Rendite: Geldanlagen, die einen hohen Ertrag erzielen können, sind meistens mit großen Wertschwankungs- und Verlustrisiken verbunden. Dazu zählen unter anderem Aktien und Aktienfonds. Wer auf diese Papiere setzt, sollte Geduld mitbringen, um bei eventuellen Kursverlusten nicht verkaufen zu müssen.

Tipp der ING-Diba: Das magische Dreieck der Geldanlage dient nicht nur als nützliche Entscheidungshilfe, wenn es darum geht, sich über die wichtigsten Gesichtspunkte bei der Geldanlage Klarheit zu verschaffen.

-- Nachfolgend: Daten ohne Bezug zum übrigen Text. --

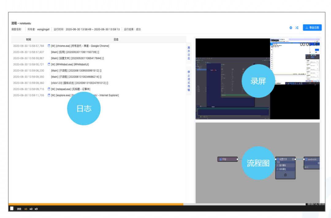 为了保证整个自动化流程的运行安全,还提供了流程回溯——三联播放。这是一个将设计器日志、流程运行录屏及设计器画布关联,一体化同步回溯流程运行全过程。支持定位回放录屏、日志导出、流程分享等功能。
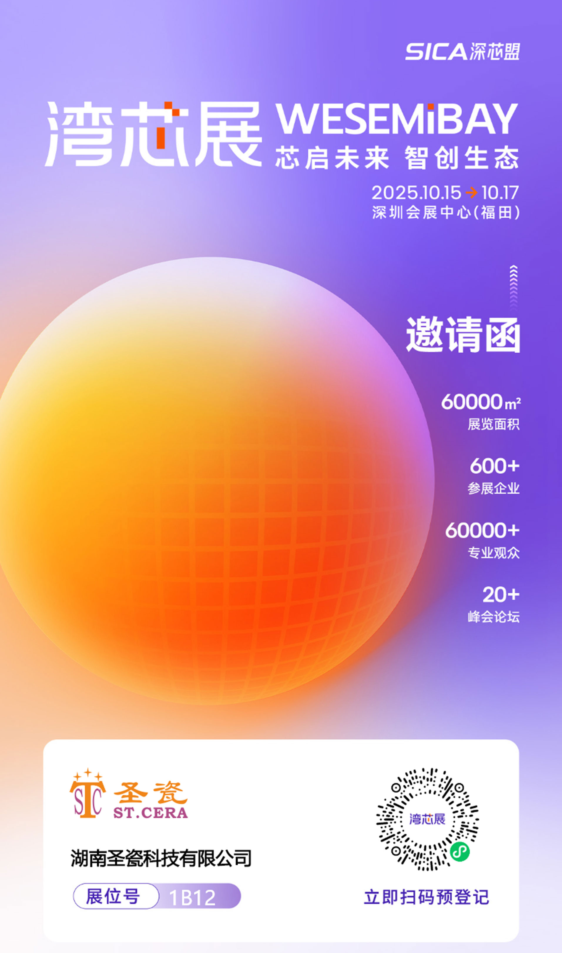 第二屆“灣芯展”——2025灣區半導體產業生態博覽會(深圳),如期將至,湖南圣瓷科技有限公司,誠邀您蒞臨指導!
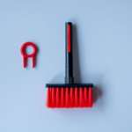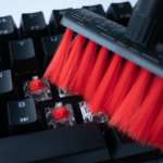 さらに時間があるときには、キーキャップをひとつひとつ外して、キーの下のスペースのブラシ掃除を。柄の根元から取り外した赤いキーキャップ抜きでキートップを挟み、上に引き抜いて外します。
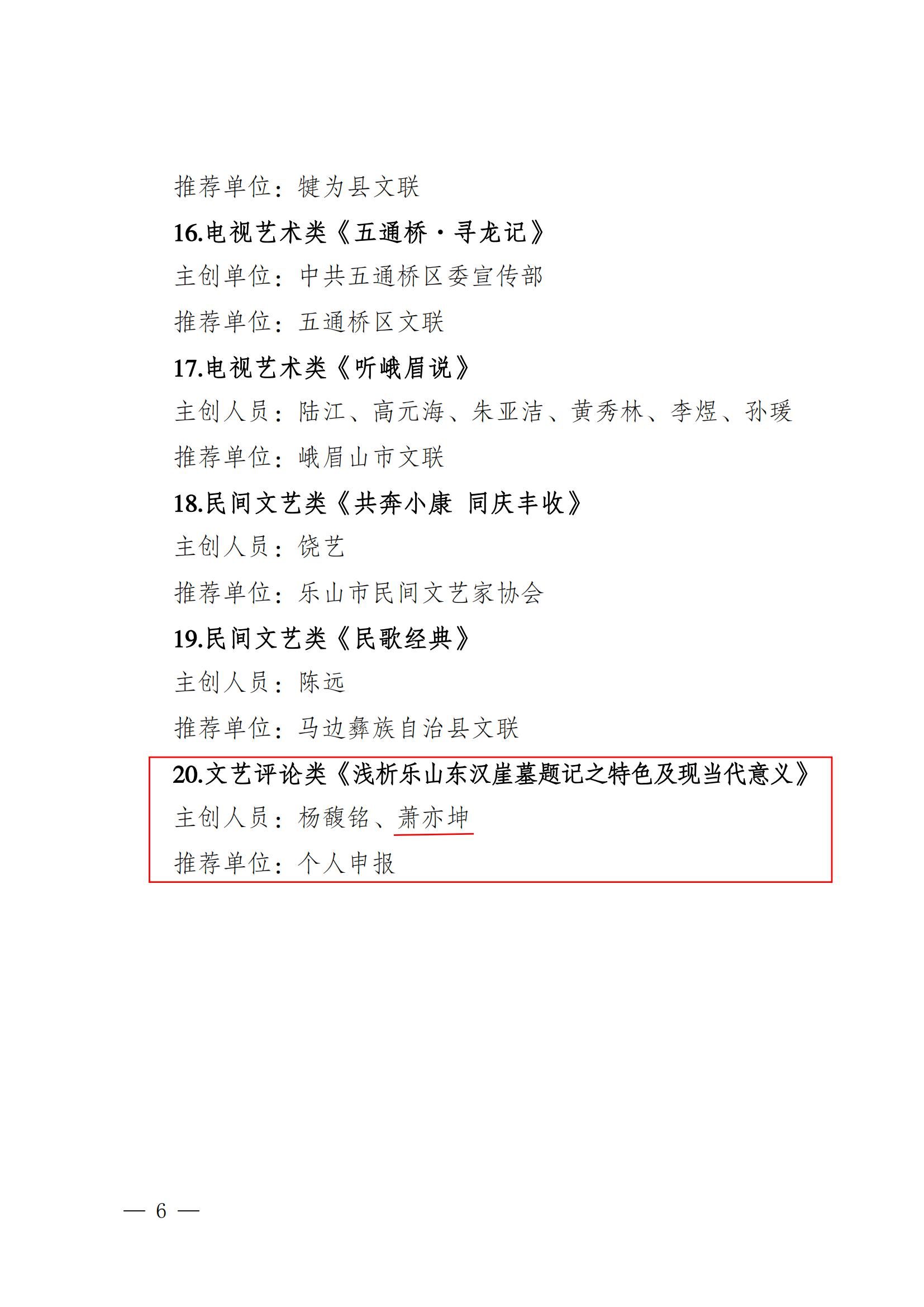 今年 2 月,乐山市文联启动了 2024 年度“20 佳推优”工程申报评选工作,经初审、终审,并结合公示收集到的意见建议,市文联主席团研究决定,评选出“特别项”作品 7 件、“入选项”作品 20 件,组织工作突出单位 10 个。8797威尼斯老品牌素质教育学院美育教研室教师萧亦坤的文艺评论《浅析乐山东汉崖墓题记之特色及现当代意义》入选2024 年度“20 佳推优”工程“入选项”。

Auch die Seriosität von Anlageofferten können Bankkunden damit überprüfen. Wenn deutlich über dem Marktniveau liegende Renditen bei absoluter Sicherheit versprochen werden, sollten die Alarmglocken läuten.


Kommentare

Martin Hark 27. Juli 2013 um 15:51

Ein wirklich sehr interessanter Artikel! Ich beschäftige mich auch gerade mit diesem Thema – hier vor allem mit herkömmlichen Geldanlagemöglichkeiten bzw. Sparformen. In Bezug auf die Geldanlage existiert eine immense Anzahl an möglichen Anlageprodukten. In der Regel wird jedoch oftmals auf die Grundprodukte – Sparbuch, Bausparen – vergessen. Gerade in solch turbulenten Zeiten wie wir uns derzeit befinden, gewinnen diese Produkte wieder mehr an Bedeutung. Im Bezug auf den Kapitalmarkt muss man feststellen, dass es die risikolose Rendite nicht gibt – nie gegeben hat – bei der aktuellen Zinslage, hier vor allem in Anleihenbereich,kann man von einem zinslosen Risiko sprechen. Die herkömmlichen Sparformen stellen deshalb aus meiner Sicht die wichtigsten Sparprodukte dar, die jedermann besitzen sollte – erst nachdem dies der Fall ist – kann / sollte in andere Asset-Klassen investiert werden!